CATNIP Lab is looking for awesome people: postdocs, graduate & undergraduate students interested in computational neuroscience and machine learning.
For further information please contact I. Memming Park.
A full-time postdoctoral position is available in the Computational And Theoretical Neural Information Processing lab at Stony Brook University. Current projects include inferring the latent dynamics of a neural population in awake behaving monkeys using recorded spikes and local field potential, and building scalable statistical models for high-dimensional neural observations. Our lab provides a friendly and highly collaborative environment.
Candidate must have a PhD or equivalent in neuroscience, statistics, engineering, mathematics or a related field. Ideal candidate would be familiar with machine learning and/or neural modeling. Prior experience in analyzing neural data, high-dimensional data, and/or non-Gaussian time series is a plus but not required. Good numerical programming skills and experience with professional software development are expected.

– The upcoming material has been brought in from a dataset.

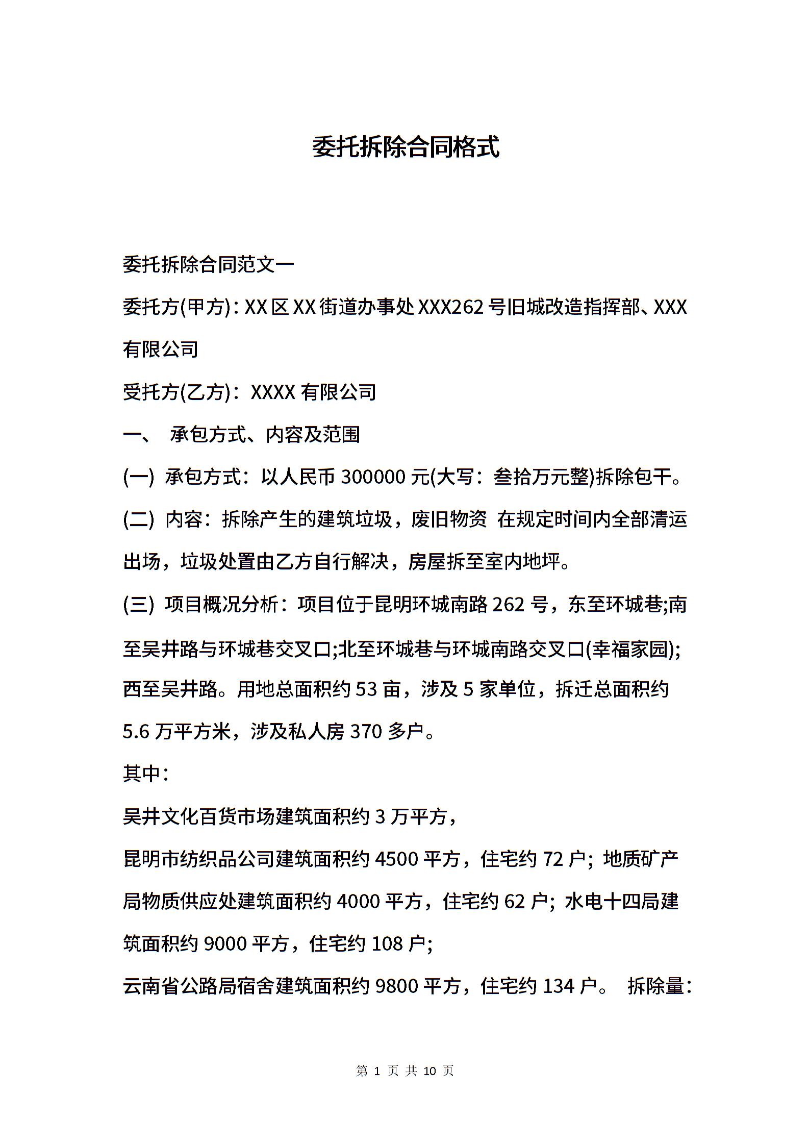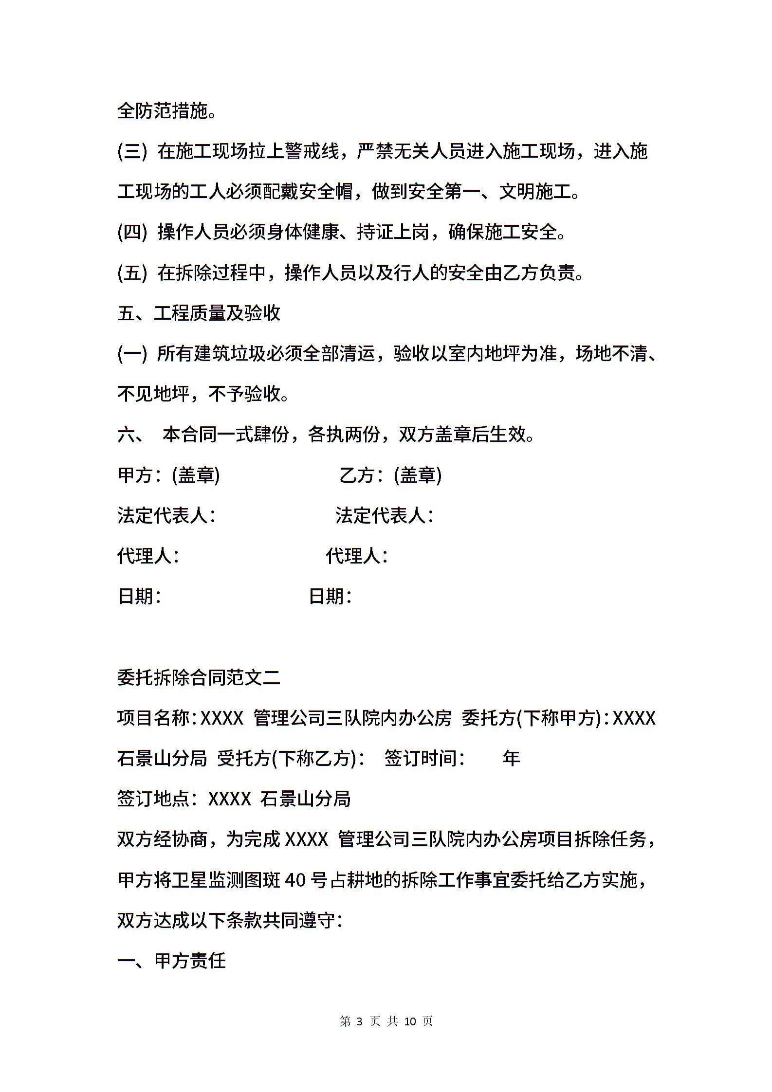 委托拆除合同格式

Strong background in mathematics, statistics, physics, computer sceince, or electrical/biomedical engineering is highly encouraged.

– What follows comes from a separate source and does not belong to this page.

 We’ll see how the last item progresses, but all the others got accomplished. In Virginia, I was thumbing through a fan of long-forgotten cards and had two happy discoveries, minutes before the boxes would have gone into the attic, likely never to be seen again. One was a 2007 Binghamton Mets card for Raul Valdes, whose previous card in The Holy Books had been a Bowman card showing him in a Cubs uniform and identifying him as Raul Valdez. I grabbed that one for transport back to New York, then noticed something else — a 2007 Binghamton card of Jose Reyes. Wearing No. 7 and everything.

There are several neural data analysis projects as well as pure machine learning projects.
Neurobiology students who are working with complex high-dimensional data are welcome to bring their data. We specialize in spike train analysis, but other time series modalities are also welcome.
Undergraduate students who are interested in analyzing and visualizing neural data are welcome to inquire.
Prior experience on numerical computing (MATLAB, python (numpy/theano), julia, R) is strongly encouraged.